The average pharmacokinetic parameters were evaluated by comparing the differences between OTC IV, OTC LA IM, and OTC IM Groups by Duncan test using a statistically one-way analysis of variance. The average value under p < 0.05 was considered as statistically different.
Retention time were found as 6.4 min; with a limit of detection (LOD) as 0.0125 g/ml and LOD as 0.025 µg/ml. Average recovery rate was 91.12%. The average plotted regression line for OTC concentration standards were calculated from 0.0125, 0.025, 0.05, 0.1, 0.2, 0.4, 0.8, 1.6, 3.2, 6.4, 12.8, 25, and 50 µg/ml concentrations with correlation coefficient as r2 = 0.9964 using y = 49,239x formula.
Kinetic parameters are shown in Table 1 for Groups 1, 2, and 3.
Table 1. Pharmacokinetic parameters of OTC in Kilis Goat following administration of conventional and long-acting formulations at a single dose of 20 mg/kg.
Oxytetracycline LA (IM) compared to the OTC conventional formulations (IM and IV) showed statistically significant differences (p < 0.05) (Table 1). OTC goats in Group 2 (LA)’s half-life (T1/2: 27.96 ± 11.66 h) were significantly longer than the other Groups (p < 0.05). In terms of half-life, OTC IV (10.84 ± 3:20 h) and IM (10.47 ± 1.30 h) applications did not show any significant differences statistically (Table 1). Peak plasma concentration (Cmax) in goats treated with OTC via the IM route (13.57 ± 5.83 μg/ml) and OTC (LA), IM (8.72 ± 2.47 μg/ml) was shown in Table 1. The Tmax was higher (p < 0.05) in Group 2 compared to other two Groups (Group 1 Tmax: 0.28 ± 0.09 h; Group 3 Tmax: 0.46 ± 0.09 h) (Table 1). The latest time that drug was determined plasma was (Tlast) 58.28 ± 4.53 h in Group 1, 89.14 ± 11.71 h in Group 2, and 70.29 ± 4.54 h in Group 3. OTC concentration in plasma stayed the longest for Group 3 application (Table 1).
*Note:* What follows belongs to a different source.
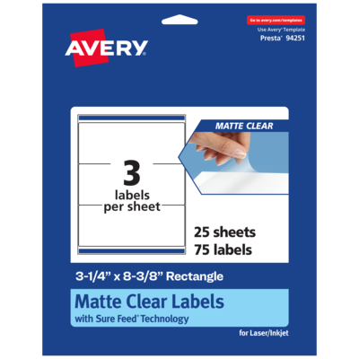 Avery Laser/Inkjet Rectangle Multipurpose Labels, 3-1/4" x 8-3/8", Clear, 75/Pack (94251)

The area under the curve (AUC) was much higher (p < 0.05) in Group 1 compared to Group 2 and 3 (Table 1). Bioavailability of OTC LA (IM route) and conventional OTC (IM route) at 20 mg/kg dose were 83.15 and 69.71% (Table 1). The plasma OTC concentrations of some animals were not been able to be determined (one animal for OTC IV at 12th hour; and two for IM applications; 12th and 8th hour). Following 48th hour of OTC LA IM administration, no drug was detected in the plasma.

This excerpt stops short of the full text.